* **Aim of the task**:
In your copy of the data, omit the pictures and keep all else exactly as given.

* **Input data**:

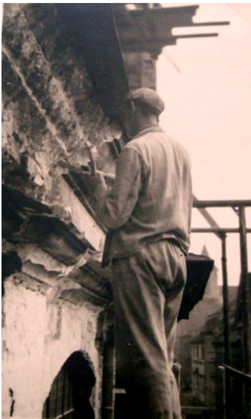
Obr. 5 Úpravy kostela v 30. letech 20. století
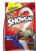
8178 ACHOCOL. EM PÓ SHOWCAU PREDILECTA | 24X400GR 7896292310742
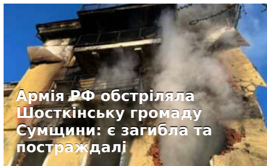
Армія РФ обстріляла Шосткінську громаду Сумщини: є загибла та постраждалі
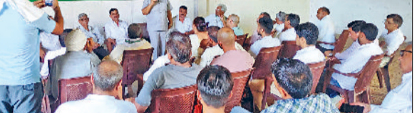
नारनौल। बैठक करते जजपा कार्यकर्ता।

जिला कार्यालय में जजपा कार्यकर्ताओं की हुई बैठक
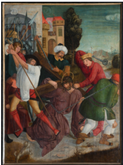
Kristus padá pod krížom, (1526), kostol v Lipanoch
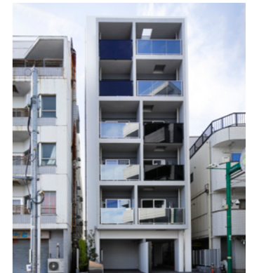
MYRIA RESIDENCE 長原

LOCATION 東京都台東区元浅草 COMPLETION 2025年12月予定 SPECS RC造/9F FLOOR AREA 793㎡
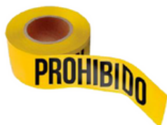
CINTA DELIMITADORA LEYENDA "PROHIBIDO"

* **Answer area**:
Obr. 5 Úpravy kostela v 30. letech 20. století
8178 ACHOCOL. EM PÓ SHOWCAU PREDILECTA | 24X400GR 7896292310742
Армія РФ обстріляла Шосткінську громаду Сумщини: є загибла та постраждалі
नारनौल। बैठक करते जजपा कार्यकर्ता।

जिला कार्यालय में जजपा कार्यकर्ताओं की हुई बैठक
Kristus padá pod krížom, (1526), kostol v Lipanoch
MYRIA RESIDENCE 長原

LOCATION 東京都台東区元浅草 COMPLETION 2025年12月予定 SPECS RC造/9F FLOOR AREA 793㎡
CINTA DELIMITADORA LEYENDA "PROHIBIDO"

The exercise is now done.